▶ _Task statement_
What is needed is an exact copy of every line from the one containing "1.Từ khu vực" through the end of the entries; please set it down without any pictures.

[Collected data]
======
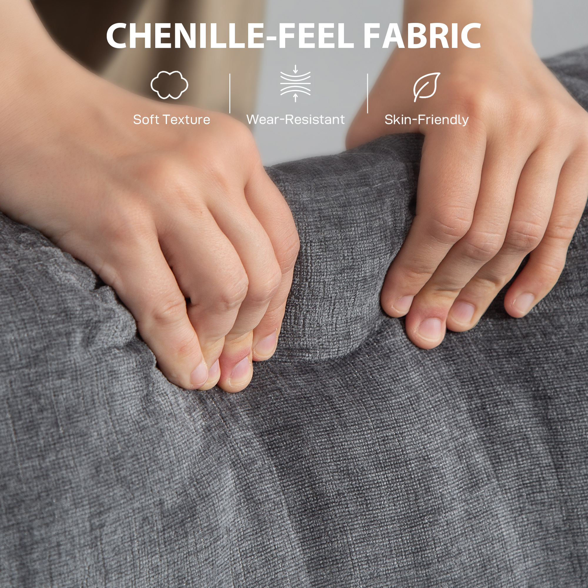 - Chenille-feel fabric upholstery offers a luxurious touch
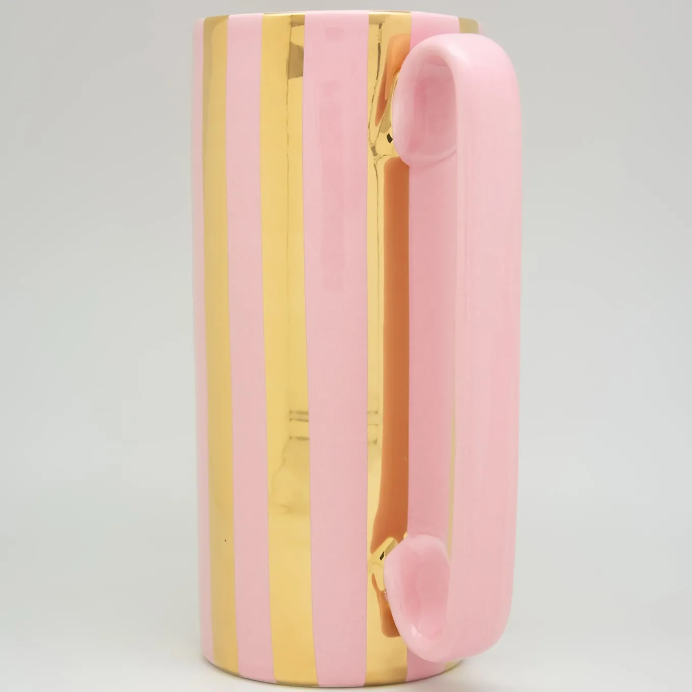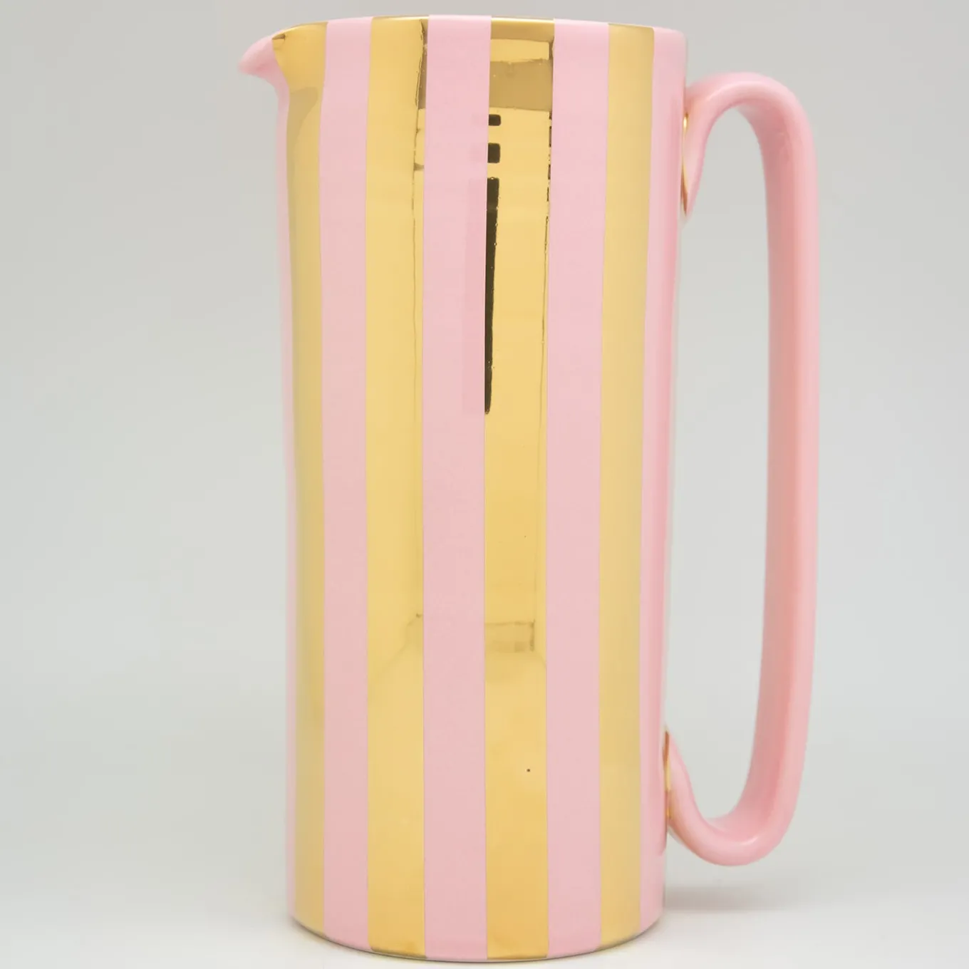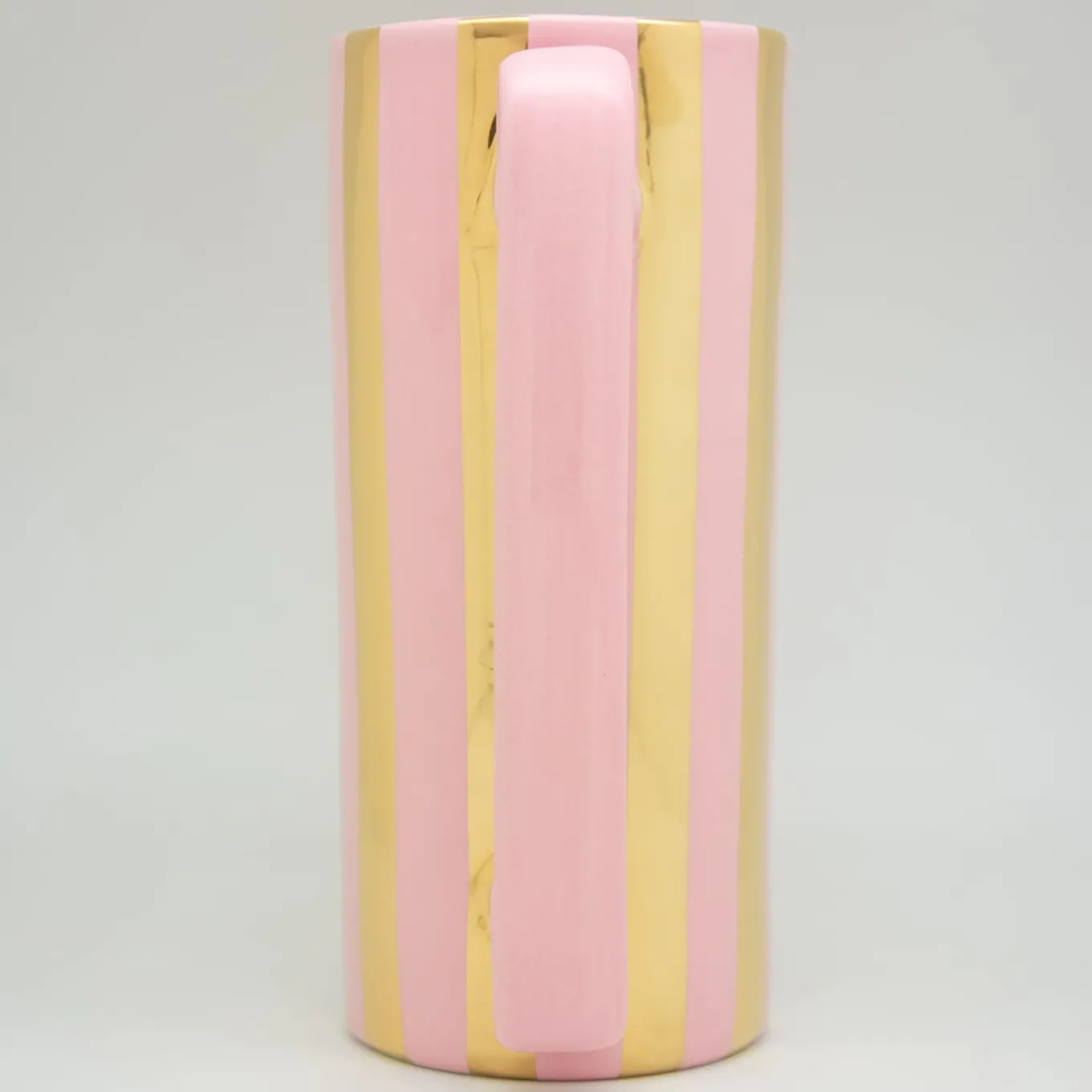The authentic 24 K Gold ‘Mercante’ pitcher, is the one and only ceramic carafe with a linear handle. Handthrown in white terracotta, the stunning Serlio Carafe is a beautiful example of fine Italian craftsmanship. Enhance any table with Tuttoattacato’s minimalistic design, emphasizing any classic or contemporary dinnerware with its elegant design and quality. Fired multiple times, the 24 K Gold stripes are a result of the traditional ‘Terzo Fuoco’ technique.
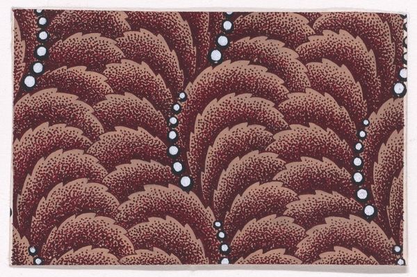 Editor: Here we have an anonymous textile design from 1840, currently housed at the Metropolitan Museum of Art. The materials used include drawing and print. What stands out to me are these overlapping scale-like shapes, broken up by vertical columns of white circles. How do you interpret this work? Curator: This design pulses with visual memory. The scales, that rhythmic repetition... Consider ancient armor, the scales of a serpent, or even the protective layers within us. Notice how they’re anchored by those stark, pearl-like circles set within geometric frames. The contrast between organic form and structured geometry is significant. Editor: Significant how? Curator: It's a play between chaos and order, perhaps reflective of the era itself. Early 19th-century design often grappled with these tensions as industrialization met romantic ideals. This anonymous artist is building upon long-held conventions that still resonate today. It is using forms that evoke subconscious links that can have power over culture. It almost recalls a uniform design, a suggestion of conformity through repetition. What are your thoughts about the colors used? Editor: It's interesting that the palette is quite limited, which underscores the shapes themselves. I do see a conversation of how humans strive to achieve order. It goes beyond simple repetition and more into a symbol of societal pressure, creating unique cultural impacts. Curator: Indeed! An artwork like this opens a window into both the aesthetic values and underlying anxieties of its time, continuing a tradition into modernity and raising more cultural continuity questions. Editor: I am leaving with an entirely new perspective on this pattern, having never thought of armor as a pattern of power and anxiety.
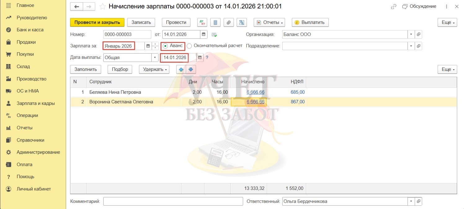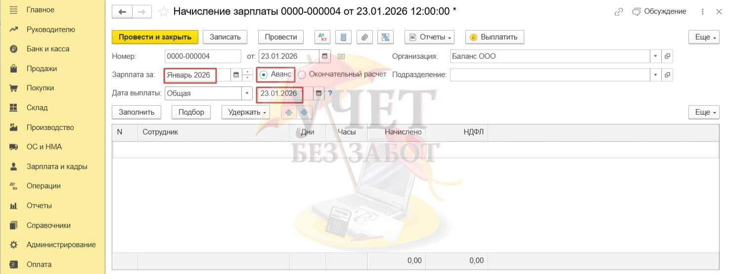 В поле «Зарплата за» выберем значение «Январь 2026», а после этого переведем переключатель в положение «Аванс». Обратите внимание, что для корректной работы программы в части НДФЛ в поле «Дата выплаты» должна быть установлена фактическая дата выдачи денежных средств.
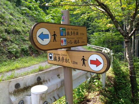 奥多摩駅まで 1.2qの所まで来ました 奥多摩の遊歩道は 案内がしっかりしていて 迷わずに歩けますね |
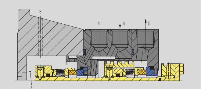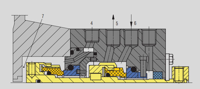 1.Từ khu vực áp suất cao của máy bơm (đường ống xả máy bơm hoặc đường ống xả máy bơm) 3. Cổng xả (F) 4.Làm mát (Q) 5. Cổng thoát nước (D) 6. Buồng kín
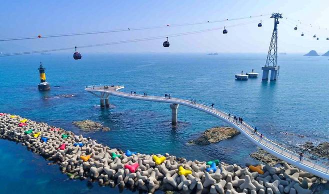 부산 서구 송도해수욕장의 동편에는 바다 한가운데로 뻗어 나간 독특한 산책로가 있다. 송도구름산책로는 해안에서 거북섬까지 연결된 다리로 일부 구간이 투명 강화유리로 만들어져 있어 발아래로 출렁이는 파도와 바닷속을 그대로 내려다볼 수 있다.
======
▶ _Answer to this exercise_
 1.Từ khu vực áp suất cao của máy bơm (đường ống xả máy bơm hoặc đường ống xả máy bơm) 3. Cổng xả (F) 4.Làm mát (Q) 5. Cổng thoát nước (D) 6. Buồng kín
 부산 서구 송도해수욕장의 동편에는 바다 한가운데로 뻗어 나간 독특한 산책로가 있다. 송도구름산책로는 해안에서 거북섬까지 연결된 다리로 일부 구간이 투명 강화유리로 만들어져 있어 발아래로 출렁이는 파도와 바닷속을 그대로 내려다볼 수 있다.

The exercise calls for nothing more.